La plupart des études portant sur la classification automatique d’émotions ou autres  affects exprimés dans la parole se sont appuyées sur des corpus actés construits de façon  à faire varier systématiquement les affects sur des énoncés constants (cf. section 5 pour  une  discussion  des  différents  types  de  corpus  de  parole  expressive  et  de  leurs  implications). En particulier, deux corpus de ce type, accessibles librement pour des  utilisation non‐commerciales, ont été utilisés dans ce cadre. Il sʹagit du corpus allemand  Berlin emotional speech database (Burkhardt et al., 2005) et dans une moindre mesure du  corpus danois Danish Emotional Speech (Engberg & Hansen, 1996). Quelques études ont  pris en compte de façon conjointe les informations données par la face et la parole pour  améliorer les performances en classification automatique des affects exprimés (voir par  exemple Busso et al. (2004)). 

Plus proche des données naturelles, l’application de la classification automatique d’états  affectifs à des données tirées de films peut également être mentionnée. Ainsi Clavel  (2007) a proposé une méthode de détection d’états affectifs proches de la peur, étalonnée  sur des données extraites de films d’épouvante. 

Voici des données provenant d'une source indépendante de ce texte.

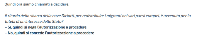Ha fatto molto discutere come agli attivisti certificati è stato posto il quesito online. Votando Sì infatti ci si sono espressi contro l’autorizzazione a procedere nei confronti di Matteo Salvini, votando No invece a favore.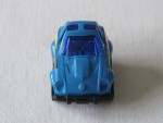 blaue, nicht durchsichtige Scheiben, inklusive Targa-Dächer und schwarze Stossstange. Plastik-Model im Choro-Q-Style. Heckplatte mit Aufdruck "Z-Machine". Auf den Seiten ein gelb-schwarz-roter Aufkleber mit dem Aufdruck "Z". Graue 8-Steg-Felgen mit Gummi-Reifen und Pull-Back-Antrieb |

Dans le champ de la reconnaissance automatique des affects, de façon plus marquée que  dans celui de la synthèse vocale, l’idée s’est imposée que les corpus d’émotions actées, et  tout  particulièrement  ceux  constitués  d’expressions  prototypiques,  ne  seraient  pas  représentatifs des affects exprimés naturellement et ne permettraient pas d’élaborer des  systèmes  de  reconnaissance  automatiques  efficaces  sur  des  données  réelles  (voir  notamment Batliner (2003a)). Au cours des dernières années, de nombreuses études ont  donc cherché à caractériser les affects exprimés dans des données spontanées, ce qui a  impulsé  un  effort  de  recherche  particulier  en  direction  de  l’annotation  des  affects  exprimés  dans  ce  type  de  données,  afin  de  fournir  une  référence  fiable  pour  l’entraînement des systèmes automatiques de classification comme pour la validation  des  résultats  obtenus  (cf.  section  5  pour  une  discussion  sur  la  problématique  de  l’annotation de données spontanées). 

Ainsi,  Vidrascu & Devillers (2005a) ont mis au point un système de  catégorisation  automatique  des affects  exprimés  en  français  par des  usagers  d’un centre d’appel. 

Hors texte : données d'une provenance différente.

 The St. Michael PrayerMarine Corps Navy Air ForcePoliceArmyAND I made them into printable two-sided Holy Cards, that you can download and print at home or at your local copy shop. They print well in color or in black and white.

Constatant que les expressions d’affects exprimés naturellement consistent souvent en  des mélanges de différents affects, elles se sont également efforcées de faire en sorte que  cette catégorisation automatique ne consiste pas obligatoirement en un choix forcé mais  puisse également rendre compte de tels mélanges (Vidrascu & Devillers, 2005b). Batliner  et al. (2005) ont, quant à eux, élaboré un système de classification automatique d’affects  exprimés  par des  enfants germanophones en interaction  avec  un  robot‐jouet  (Sony  AIBO®). Cette étude a été récemment prolongée dans un projet coopératif de grande  ampleur, dans lequel non seulement la classe d’affect exprimée mais également le degré  de prototypicalité ont été étudiés (Seppi et al., 2008). Les auteurs ont conclu que les  expressions  les  plus  prototypiques  parmi  celles  étudiées  n’étaient  pas  en  mesure  d’expliquer l’ensemble de la variance des expressions naturelles d’affects présentes dans  le corpus étudié, tendant à confirmer que les corpus d’expressions actées ne seraient pas  adaptés à la modélisation d’expressions spontanées d’affects dans la parole.